Halimo's grave stone, weatherworn and surrounded by overgrown grass

This project, led by PI Dr Fozia Bora in collaboration with the Anglo-Somali Society, Cartwright Hall Art Gallery, Everyday Muslim, Bradford City of Culture 2025, the University of Bradford and the Bradford Literature Festival, will uncover the buried history of ‘A Somali Village in Colonial Bradford’. In May-October 1904, the Great Exhibition in Lister Park, inaugurating Cartwright Hall and promoting Bradford's businesses, displayed its star attraction: the Somali Village. 100 Somali individuals lived in a walled compound – 60 men, 20 women and 20 children – attracting 348,550 visitors, the most profitable of the entertainments.
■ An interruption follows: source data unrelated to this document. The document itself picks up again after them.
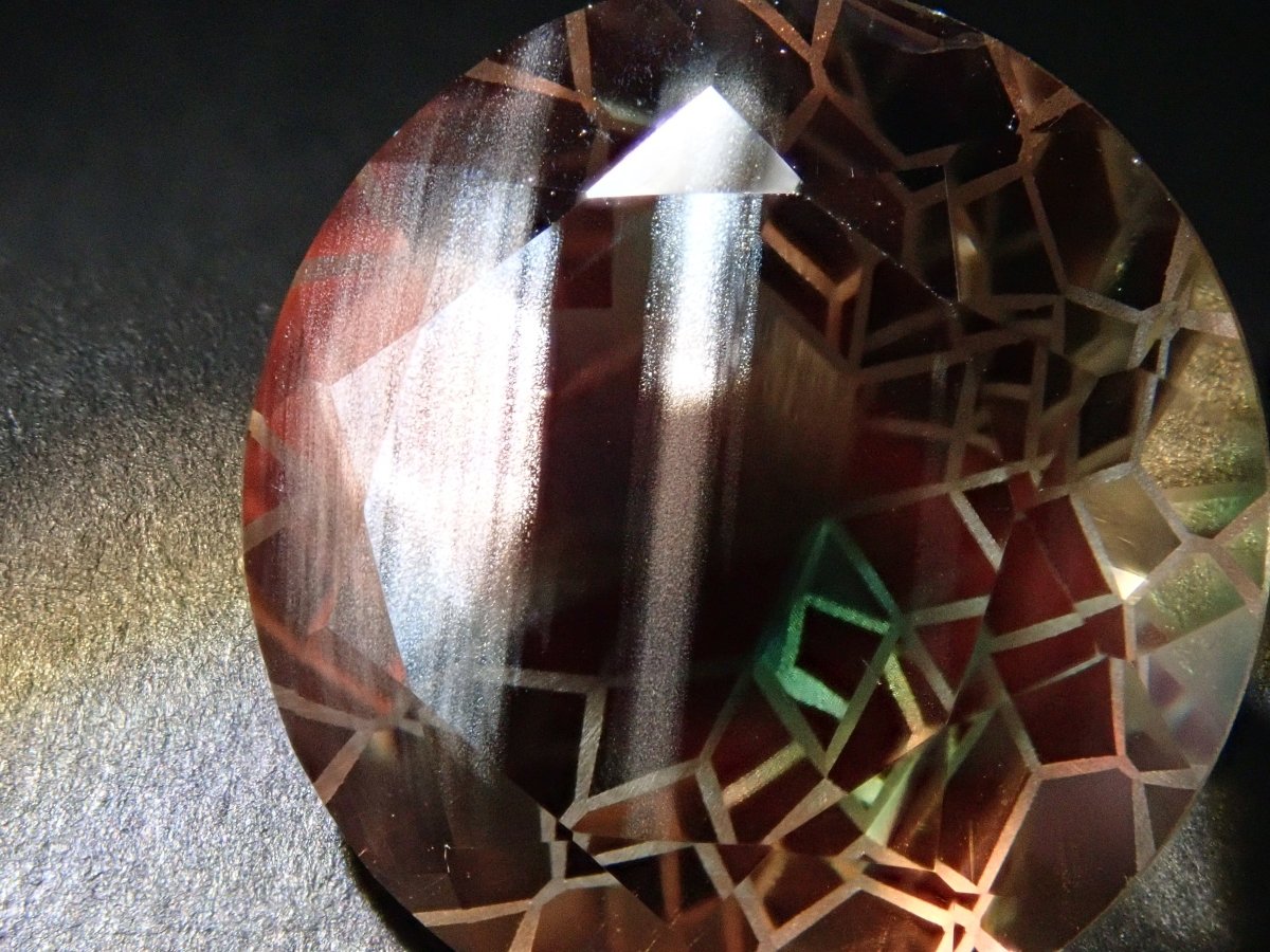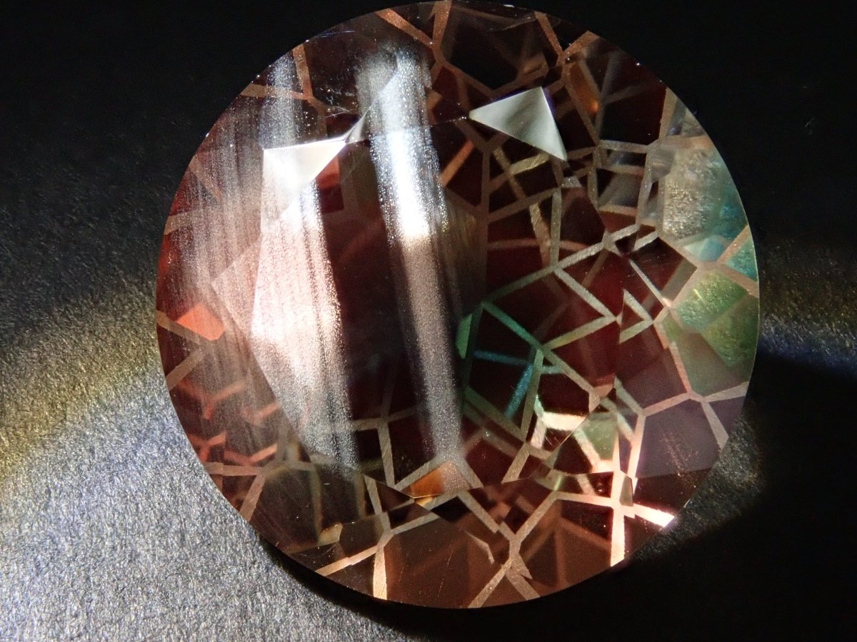 俄勒岡日光石據說是世界上最美麗的拉長石。近年來,這種石頭越來越受歡迎。還有一種稱為散光(席勒效應)的寶石,其中寶石內部的內含物會像閃光一樣反射。為了準確地傳達這些光學效果,攝影時使用筆燈。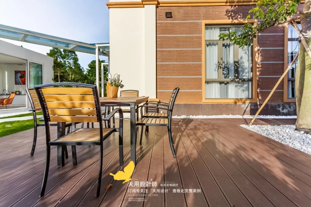 室外花园各种材质相互交错,石材、木材、水泥、碎石以及植物,等等,各居其位,多而不乱。户外休闲区的正对墙面迎合整体做了对应造型,相同色系相互映衬,也算拍照圣地。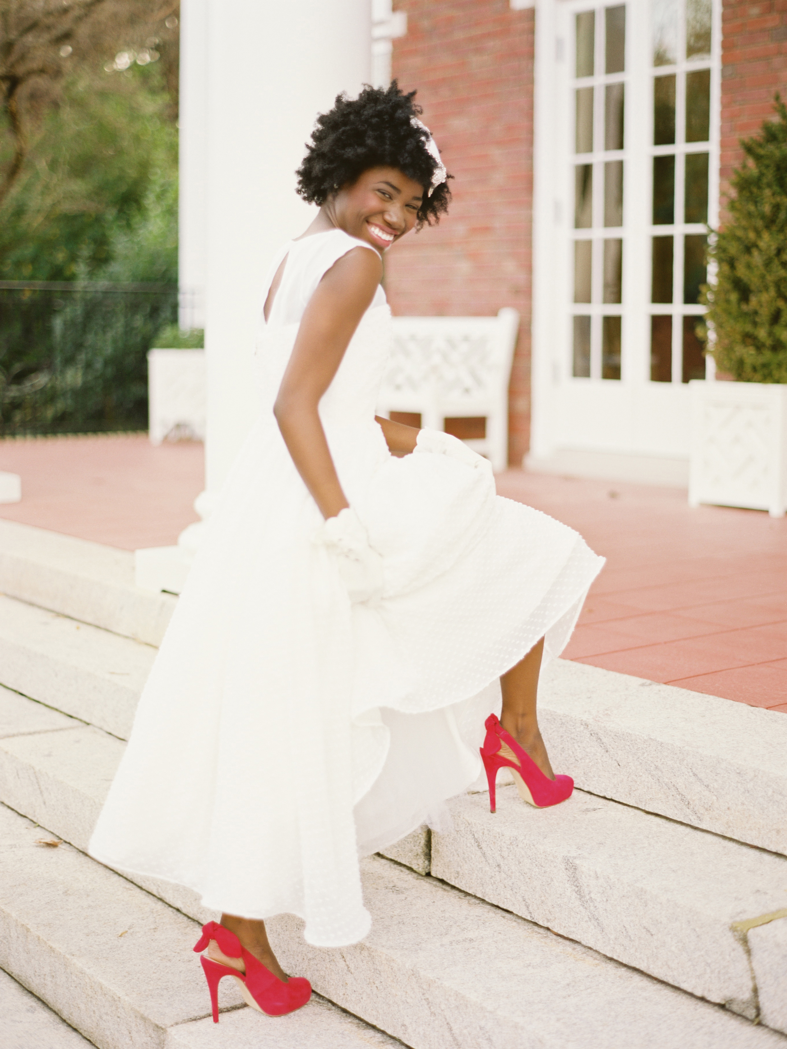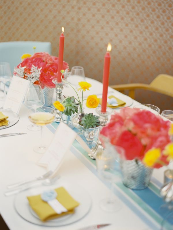 I’m dying over all of these amazing colors in this shoot! The bright pops of pink, orange and yellow spring wedding ideas are the perfect welcome to the season! You might recognize the beautiful images from the pages of Munaluchi Bride who featured the shoot in their Winter 2012 online magazine! All of the gorgeous florals were created by the crazy talented Janie from The Bride’s Cafe and they really seem to steal the show! Peonies, ranunculus, and tulips always feel like the epitome of springtime to me and mixed in with the dusty miller and succulents keep everything soft and feminine. The models look adorable in their slate gray Bella Bridesmaid dresses and I’m obsessing over the bride’s ridiculous Monique Lhuillier gown! Everything from the stationery to the desserts looks fresh and cheerful…the perfect inspiration for a Spring wedding!

This Sapling-funded project will enable the first steps towards Bradford marking the Somali Village to speak to a range of new audiences: the UK Somali community with its critical research questions; the multilingual Bradford community; the public at large who will visit Bradford City of Culture 2025. Via this project, Bradford can build on self-critical responses in German provincial towns, addressing their colonial histories, e.g., the 2005 Oldenburg State Museum’s exhibition, “The Somali Village in Oldenburg 1905 – A Forgotten Colonial History”. We will tell the stories of these ‘Villagers’ – often polyglot cosmopolitans – by centring British Somalis in the public reinterpretation of this history, and enabling the local and contemporary art/culture scene to address issues including the white ethnographic gaze and “looking back” as an act of resistance, crucially avoiding re-display of the Somali community in its internal diversity. This inclusive approach in co-curating with the very community whose ancestors were put on show is ground-breaking, surpassing exhibition practices developed in France, Germany and the UK over 30 years. Somali voices, often absent or deeply obscured in metropolitan and provincial colonial archives, will speak back from the past through recovery of family and oral histories of the carwo (“people of the fair”), and co-create both the research and the cultural outputs.

The project will include workshops on exploring shared goals in research and exhibiting the findings of the research.

Further details will follow in due course.